* WHAT NEEDS TO BE DONE: Using the entries that follow, transcribe only the lines from the line with "Ensuite 2.43m x" to the line with "风险承受能力较高的机构可以关", both included, exactly as they stand and without pictures.

* DATASET EXTRACT:
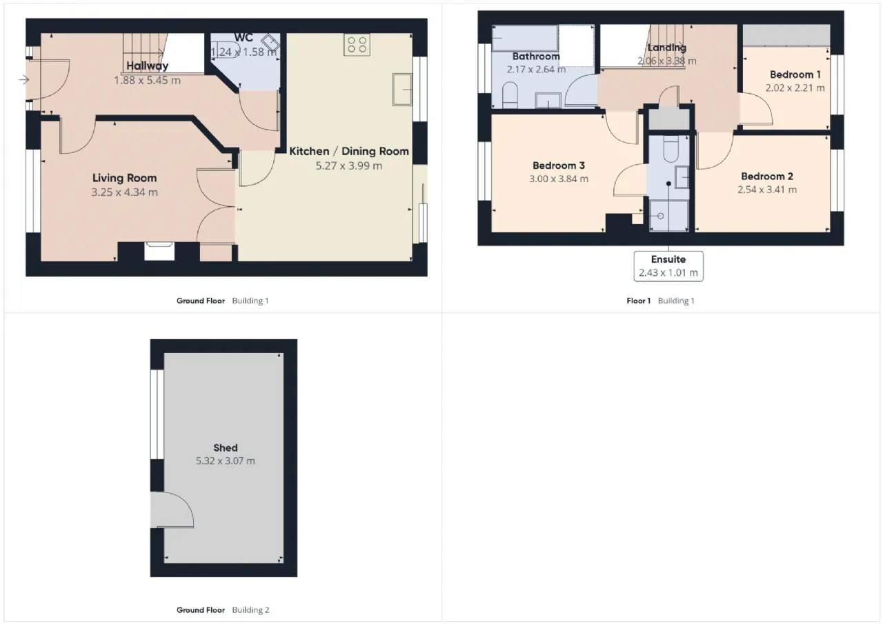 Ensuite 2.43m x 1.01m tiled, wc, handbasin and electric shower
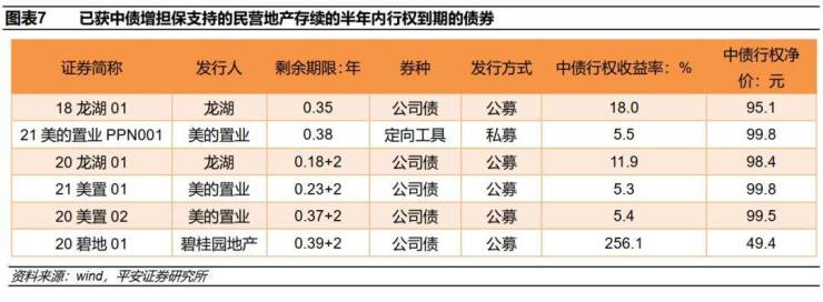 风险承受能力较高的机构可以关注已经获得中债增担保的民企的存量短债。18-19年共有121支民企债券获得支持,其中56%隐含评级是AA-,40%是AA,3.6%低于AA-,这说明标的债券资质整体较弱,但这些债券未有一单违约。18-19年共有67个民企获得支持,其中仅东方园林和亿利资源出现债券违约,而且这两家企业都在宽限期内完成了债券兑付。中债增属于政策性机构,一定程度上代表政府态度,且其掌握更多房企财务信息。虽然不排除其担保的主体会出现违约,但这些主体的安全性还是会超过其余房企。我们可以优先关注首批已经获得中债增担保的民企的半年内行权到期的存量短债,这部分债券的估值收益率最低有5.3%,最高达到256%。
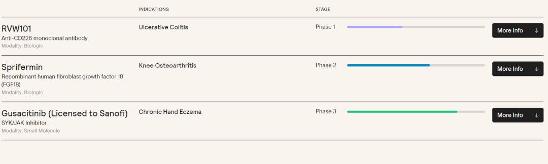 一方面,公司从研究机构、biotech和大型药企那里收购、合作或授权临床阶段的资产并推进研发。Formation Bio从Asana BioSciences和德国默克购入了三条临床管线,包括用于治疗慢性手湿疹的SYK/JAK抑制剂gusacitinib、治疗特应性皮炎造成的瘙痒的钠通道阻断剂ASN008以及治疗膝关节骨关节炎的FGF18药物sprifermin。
--
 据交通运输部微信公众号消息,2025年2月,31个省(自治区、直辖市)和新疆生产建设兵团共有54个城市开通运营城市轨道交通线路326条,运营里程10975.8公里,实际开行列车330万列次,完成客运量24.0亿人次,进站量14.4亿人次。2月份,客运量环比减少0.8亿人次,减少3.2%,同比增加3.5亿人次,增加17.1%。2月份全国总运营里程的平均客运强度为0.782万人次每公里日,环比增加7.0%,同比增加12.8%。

* YOUR SOLUTION:
 Ensuite 2.43m x 1.01m tiled, wc, handbasin and electric shower
 风险承受能力较高的机构可以关注已经获得中债增担保的民企的存量短债。18-19年共有121支民企债券获得支持,其中56%隐含评级是AA-,40%是AA,3.6%低于AA-,这说明标的债券资质整体较弱,但这些债券未有一单违约。18-19年共有67个民企获得支持,其中仅东方园林和亿利资源出现债券违约,而且这两家企业都在宽限期内完成了债券兑付。中债增属于政策性机构,一定程度上代表政府态度,且其掌握更多房企财务信息。虽然不排除其担保的主体会出现违约,但这些主体的安全性还是会超过其余房企。我们可以优先关注首批已经获得中债增担保的民企的半年内行权到期的存量短债,这部分债券的估值收益率最低有5.3%,最高达到256%。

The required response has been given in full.